Pentest Checklist
Purpose
Provide a comprehensive checklist for planning, executing, and following up on penetration tests. Ensure thorough preparation, proper scoping, and effective remediation of discovered vulnerabilities.
Inputs/Prerequisites
- •Clear business objectives for testing
- •Target environment information
- •Budget and timeline constraints
- •Stakeholder contacts and authorization
- •Legal agreements and scope documents
Outputs/Deliverables
- •Defined pentest scope and objectives
- •Prepared testing environment
- •Security monitoring data
- •Vulnerability findings report
- •Remediation plan and verification
Core Workflow
Phase 1: Scope Definition
Define Objectives
- • Clarify testing purpose - Determine goals (find vulnerabilities, compliance, customer assurance)

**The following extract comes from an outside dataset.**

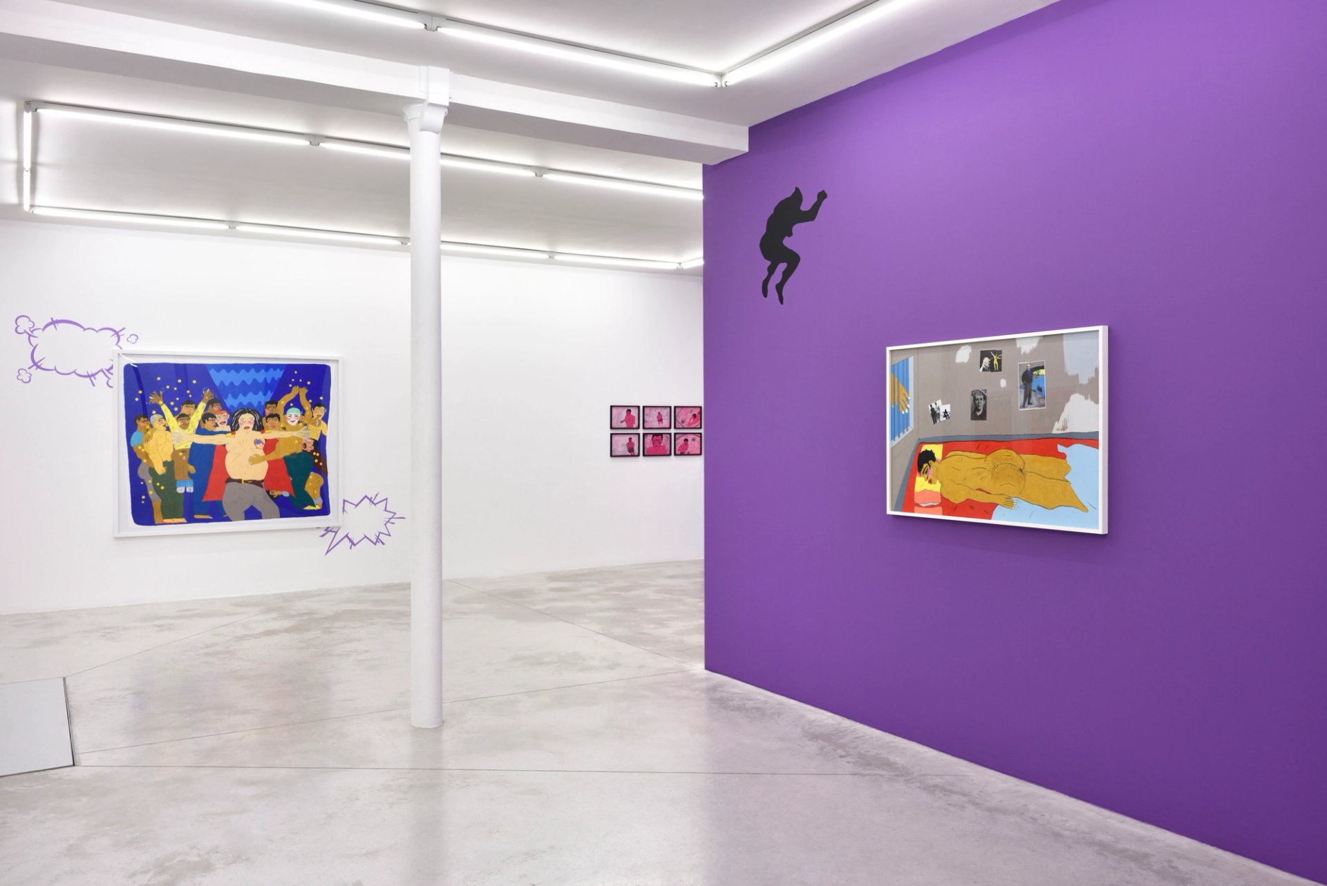 Chaque dessin et sa légende racontent une histoire à la manière d’un poème. Ababri célèbre une nouvelle fois quelques-uns de ses héros, au premier rang desquels Jean Genet. Ce dernier véritablement le hante et dans l’un des dessins, on voit différents portraits découpés du poète-ennemi décorer les murs d’une chambre aux allures de prison. Quelques murs de la galerie ont été peints en mauve, enrichis de silhouettes bondissantes qui donnent une unité à l’ensemble en même temps qu’elles font exploser le cadre. Dans un grand dessin qui fixe une scène de club rêvée, un homme torse nu, corps lourd, danse soutenu par la ferveur du groupe. Il porte une cape rouge comme un super-héros ou un boxeur. Le titre a valeur de manifeste ou de constat désenchanté, c’est selon : Aller au plaisir comme on va au devoir.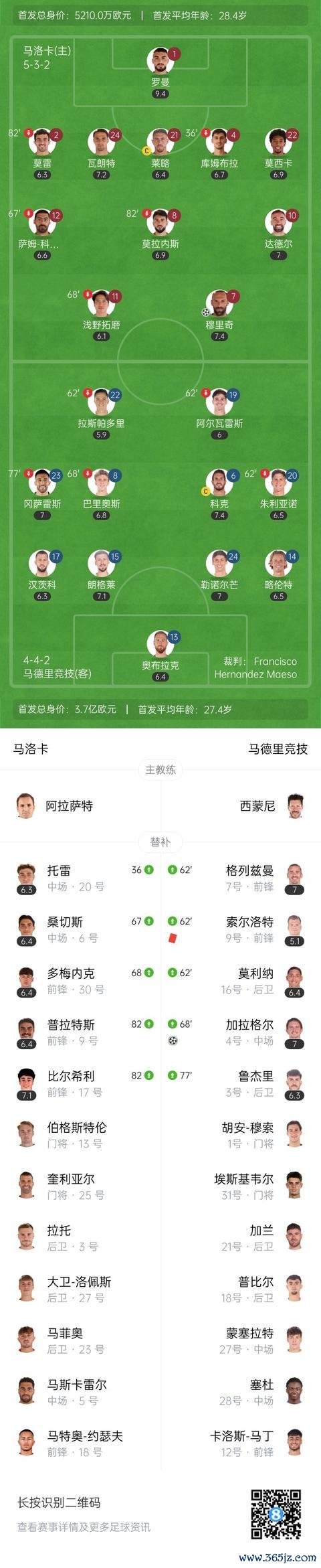 第79分钟,马竞反击契机,莫利纳上抢一脚打穿防地,加快插上禁区右侧扣门被扑,加拉格尔跟进补射入彀,十东谈主马竞1-0逾越↓

- • Validate pentest necessity - Ensure penetration test is the right solution
- • Align outcomes with objectives - Define success criteria
Reference Questions:
- •Why are you doing this pentest?
- •What specific outcomes do you expect?
- •What will you do with the findings?
Know Your Test Types
| Type | Purpose | Scope |
|---|---|---|
| External Pentest | Assess external attack surface | Public-facing systems |
| Internal Pentest | Assess insider threat risk | Internal network |
| Web Application | Find application vulnerabilities | Specific applications |
| Social Engineering | Test human security | Employees, processes |
| Red Team | Full adversary simulation | Entire organization |
Enumerate Likely Threats
- • Identify high-risk areas - Where could damage occur?
- • Assess data sensitivity - What data could be compromised?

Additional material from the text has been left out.